As reviewed previously,(112) a growing number of candidate-gene and epigenome-wide studies have showed that different forms and severity of maternal psychosocial stress have an influence on fetal DNAm (measured in cord blood or placental DNA),(113-140) which may lead to an altered risk of PTB. Candidate-gene studies of this kind have mainly targeted specific genes involved in the human HPA axis.(113-117, 120-123, 129-131, 138) In particular, the NR3C1 gene, which encodes glucocorticoid receptors (GR) that mediate the stress response in humans, was found to have altered methylation levels at the promoter region in newborns whose mothers were exposed to stress and/or depression during pregnancy.(113-116, 121, 131, 138) Mulligan et al., in cord blood samples from 25 mother-newborn dyads, demonstrated a significant correlation between maternal stress, newborn methylation in the promoter region of the NR3C1 gene, and newborn birthweight, suggesting a potential role of NR3C1 DNAm in mediating the impact of prenatal stress exposure on birth outcomes.(121) Maternal stress may also be associated with altered DNAm of other genes that are involved in the HPA axis, such as FKBP5, (116, 120, 122, 123) which encodes FK506-binding protein 51 that plays an important role in the negative feedback loop, OXTRs,(139) which encode the receptors of oxytocin (OXT) that have stress-buffering effects, and HSD11B2 that encodes hydroxysteroid 11-beta dehydrogenase 2.(123, 130) It may also be associated with altered DNAm of other genes not in the HPA axis but that may be implicated in PTB such as IGF2 (132, 133) and SLC6A4 (119). Further studies to explore how these promising DNAm markers mediate the impact of maternal stress on the risk of PTB may contribute to our understanding of the biological mechanisms underlying PTB.
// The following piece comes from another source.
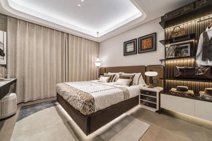 三重归家仪式感:从玄关静心归家,到厅堂欢聚共鸣,再到卧室精神栖居,由外向内从容过渡,把家的静谧与尊崇,做到了极致。

Several epigenome-wide associations with maternal stress have also been reported, although their findings await further validation and replication.(124-128, 135-137, 140) Vangeel et al., by enrolling 22 versus 23 newborns who were exposed to the lowest or highest degree of maternal anxiety, respectively, identified and verified a differentiated methylated region (DMR) in the GABA-B receptor subunit 1 gene (GABBR1) in newborns that was associated with pregnancy anxiety. DNAm level of the GABBR1 gene was significantly associated with HPA-axis response to a stressor.(124) Burnst et al., in 207 subjects, investigated epigenome-wide placental DNAm in relation to maternal experiences of traumatic and non-traumatic stressors over her lifetime, which led to differential DNAm at 112 CpG sites. They also identified some significant pathways that play important roles in multiple physiological functions necessary for proper fetal development.(125) Cardenas et al., in Project Viva, measured DNAm profiles in 479 infants at birth and found that newborns exposed to antidepressants in pregnancy had decreased DNAm levels in the gene body of ZNF575 (a gene involved in transcriptional regulation but with unknown specific functions), which was replicated in the Generation R study.(126) Nemoda et al. performed genome-wide DNA methylation profiling in CD3+ T lymphocytes from 38 antepartum maternal and 44 neonatal cord blood samples via Illumina HumanMethylation 450K, and reported that maternal depression was significantly associated with DNAm alteration at multiple CpG sites in newborns, most of which are involved in the immune system.(127) Rijlaarsdam et al. conducted an epigenome-wide association meta-analysis of prenatal maternal stress, which, however, did not identify any Bonferroni-corrected differentially methylated regions associated with prenatal stress exposure, suggesting that there are no large effects of prenatal maternal stress exposure on neonatal DNA methylation.(136)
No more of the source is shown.